You run RIBFIND2 on your own complexes using the webserver here: https://ribfind.topf-group.com, and find instructions for installing RIBFIND locally here: https://ribfind.topf-group.com/download.
Step 3 - Run flexible fitting
With our RIBIND2 generated rigid bodies in hand, we can now run hierarchical flexible fitting with TEMPy-ReFF. When supplied with a directory containing multiple RIBFIND2 rigid bodies, TEMPy-ReFF will iteratively load the up the RIBFIND2 files, restrain atoms into rigid bodies, and run a round of refinement. This will start with the file containing the largest clusters, and sequentially reduce the cluster size.
We can start this process with the command below. This will result in
a directory out/flex-fit/tutorial-01
containing the output
of flexible fitting. The intermediate models are all stored, but the
final result will be called final.pdb
.
tempy-reff \
--model data/tutorial-01/docked.pdb \
--map data/tutorial-01/map.mrc \
--resolution 3.8 \
--restrain-ribfind \
--restrain-ribfind-dir out/ribfind/tutorial-01/protein \
--fitting-density \
--fitting-density-k 100 \
--output-dir out/flex-fit/tutorial-01 \
--platform-cuda
Whilst we wait for the run to complete we can explore some of these command line options in more detail:
Command line options
The first set of options (--pbd
and --map
)
simply control which files we use as input. We specify the cryo-EM map
resolution with the --resolution
flag, which is 3.8 for
EMD-23061.
We trigger RIBFIND hierarchical refinement with the
--restrain-ribfind
flag, and point TEMPy-ReFF to the
relevant RIBFIND files with the --restrain-ribfind-dir
flag.

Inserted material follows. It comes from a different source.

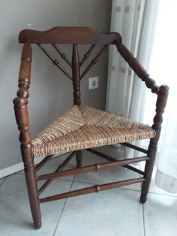 Antieke Franse houten leunstoel met rieten zitting, 1890S

If we did not include the --restrain-ribfind
flag,
TEMPy-ReFF would allow all atoms to move independently.
We can select which refinement force we use, using either the
--fitting-density
or --fitting-gmm
flags. The
fitting-force
flag will instruct TEMPy-ReFF to use a
“density force” for refinement, where atoms will be pulled towards areas
with high cryo-EM density, similar to what is used in MDFF 3. The other option,
--fitting-gmm
, uses the Gaussian-mixture model (GMM)
refinement approach that is described in the TEMPy-ReFF paper 4. Generally speaking, using the GMM
mode will produce better results but refinement will be significantly
slower than using the density force. Therefore, our general
recommendation is to run an initial round of flexible fitting with
RIBFIND2 restraints and the density force, to quickly fix larger errors,
and then correct any residual errors with a round of refinement using
the GMM, which is exactly what we’re doing here!

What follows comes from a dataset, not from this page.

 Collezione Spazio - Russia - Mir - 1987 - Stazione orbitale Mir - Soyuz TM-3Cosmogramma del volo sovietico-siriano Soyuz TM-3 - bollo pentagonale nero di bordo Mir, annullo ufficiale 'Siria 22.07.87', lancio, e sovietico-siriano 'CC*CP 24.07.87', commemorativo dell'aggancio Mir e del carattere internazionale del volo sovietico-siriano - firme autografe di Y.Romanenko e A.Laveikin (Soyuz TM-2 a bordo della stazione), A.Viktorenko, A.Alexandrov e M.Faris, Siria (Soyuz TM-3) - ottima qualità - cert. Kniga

We can also tune the “strength” of our fitting force with the
--fitting-density-k
parameter. In refinements using the
fitting density, the force applied to atoms is proportional the local
gradients in the cryo EM map, moving them to areas with high density
values. These gradients are typically small, meaning the forces applied
to atoms can be small, resulting in small, or even nonexistent, updates
to their position at each step. We can speed up refinements by
multiplying these gradients by a constant (i.e. the same for all atoms)
factor, which we control with the --fitting-density-k
flag.
This parameter can require a bit of optimisation, but we generally found
100
to be a good starting point. If the refined model looks
quite deformed (i.e. high clashscore and many Ramachandran outliers),
try reducing this value. On the other hand, if refinement is taking ages
or the model doesn’t seem to be moving into obvious areas of density,
try increasing this value.
Finally, we can specify where the output files are stored with the
--output-dir
flag, and where MD calculations are done with
either the --platform-cuda
(for running the MD simulation
on a CUDA capable GPU) or --platform-cpu
to do the
calculations on the CPU. If no platform is specified TEMPy-ReFF will try
and choose the best available platform.
Visualising the refined model.
When the refinement is finished we can visually assess how our model has improved with ChimeraX:
chimerax \
data/tutorial-01/map.mrc \
data/tutorial-01/docked.pdb \
out/flex-fit/tutorial-01/final.pdb
Which, after setting the cryo-EM map threshold to 0.08, should look something like:
With our starting model in tan colouring, and our flexibly fit model shown in pink.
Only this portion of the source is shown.